Date of this Version
Great Plains Quarterly Vol. 25, No. 2, Spring 2005, pp. 130-31.
Not even ghost towns are exempt from progress. In New Mexico, some ghost towns are disappearing into the earth or being subsumed by ranches, while others are reincarnating themselves into outright tourist attractions. Accordingly, books about them are morphing from travel guides that tell us what we'll see, to coffee tables that show us what we missed. Ghost Towns Alive by Linda Harris is one of the former, but its artistic photos and clever, sensitive writing nod to the latter.

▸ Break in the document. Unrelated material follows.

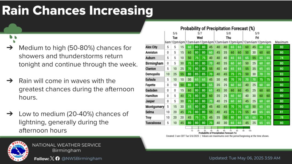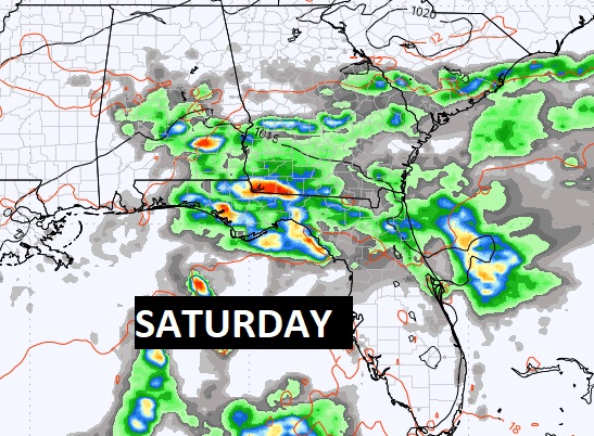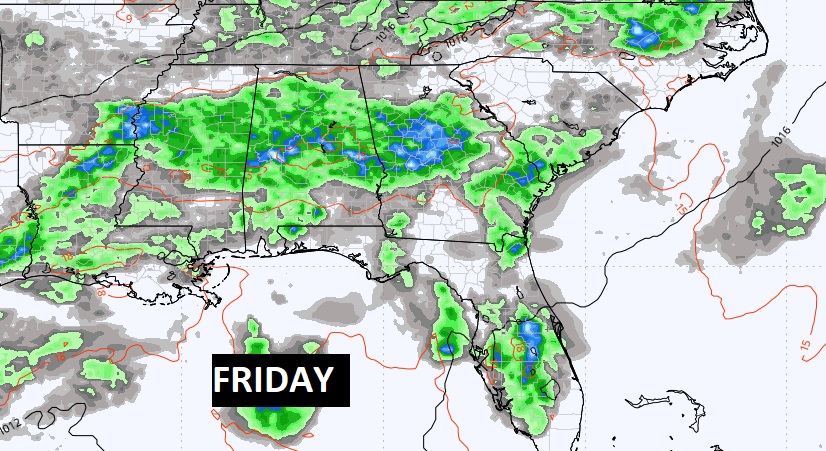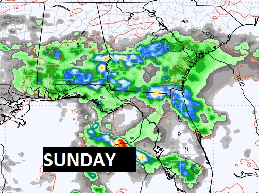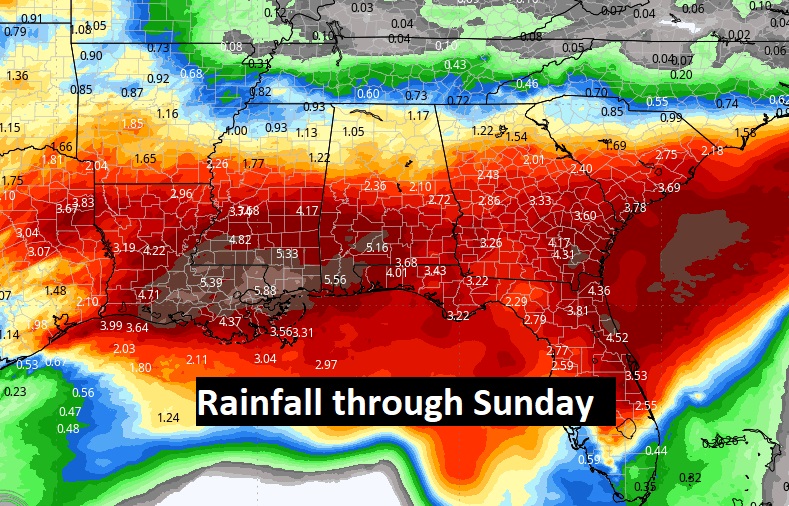 Look at this graphic. Here’s the expected rainfall through Sunday. It’s a very wet forecast. This is the model blend average. Looks like parts of south Alabama could see 4 to 6 inches.

Harris offers her definition of "ghost town" as a place founded for a purpose, later to decline. By adding "accessible and visually interesting," Harris narrows her selection to sixty-eight diverse towns and two forts. Some, like Madrid just south of Santa Fe, are rebounding with such vigor they should forfeit their right to be included. Others, like Casa Salazar northwest of Albuquerque, are so forlorn that they belie the book's title. Harris has organized the towns into eleven chapters based on location and, by extension, shared history. Of interest to eastern Plains g-towners will be chapters two and three, covering those places kept alive by the Santa Fe Trail and, later, the symbiotic economies of mining and railroading, as well as chapter six, a hodge-podge of sites between Interstate 40 and U.S. 380.
Concise but compelling essays impart the history of each town, while anecdotes illuminate the human histories that exist (ed.) there. In Johnson's Mesa, a town in far northeastern New Mexico, for example, Harris tells of the special ring system that residents used on their telephones to alert other townspeople whether a call was public or private. Harris's gift for description is evident throughout; she summarily depicts the big nothing of south-central New Mexico by stating, "In a place where a curve in the road counts as a landmark, the sky bears the responsibility for the scenery." Though such evocations occasionally trespass, there is warmth behind the words. Regrettably, some of the first-person accounts of Harris's visits to these sites overwhelm the narrative, leaving the reader with more to remember about the weather on the day of her visit than the town itself.